The Quail Hunt is a 1935 short theatrical cartoon by Universal Pictures starring Oswald the Lucky Rabbit. It is the 103rd Oswald cartoon by Walter Lantz Productions and the 155th in the entire series. This is one of the last two shorts to feature Oswald in his classic design, the last official appearance of his classic design was in the short Monkey Wretches.

==Plot==

The full cartoon short

Oswald and his dog Elmer the Great Dane are in the woods hunting for birds, especially quails. Though equipped with a boomstick, Oswald finds it difficult to take down a single quail as the fowls are quite clever. He even has problems trying not to get pushed back each time he fires his gun.

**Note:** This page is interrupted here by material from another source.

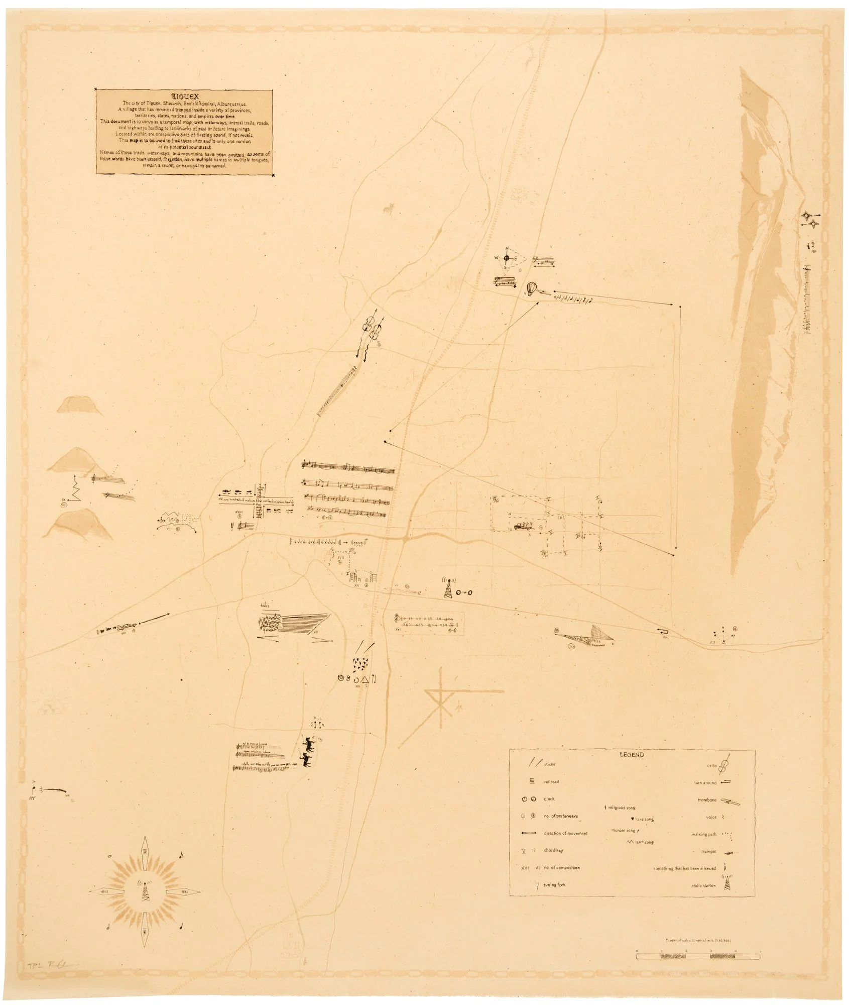 The score shows the geographic locations of where the movements will take place throughout the city, while also functioning as a temporal map, referencing the diverse landscapes of the central Rio Grande valley:

Heading further in the forest, Elmer chases a little quail. The dog follows until he naively runs past a cliff. Instead of letting the hound plummet into the ground, however, the little quail moves and breaks Elmer's fall. Elmer is most thankful and therefore befriends the small bird.

While things are going well for Elmer and the little quail, a hawk appears before them and sets sights on the tiny bird. As the hawk goes for a strike, Elmer struggles to defend his little friend. Eventually, the hawk and the dog collide into each other, resulting the buzzard being naked and Elmer covered in feathers.

Oswald finally shows up at the scene. Thinking the dog is a turkey due to the latter's feathery exterior, Oswald fires his gun at Elmer, blowing the feathers off. He then notices the little quail, and therefore begins shooting at it too. Elmer immediately intervenes and tells him the small bird is now friends with them. Elmer then embraces Oswald and the little quail in both arms.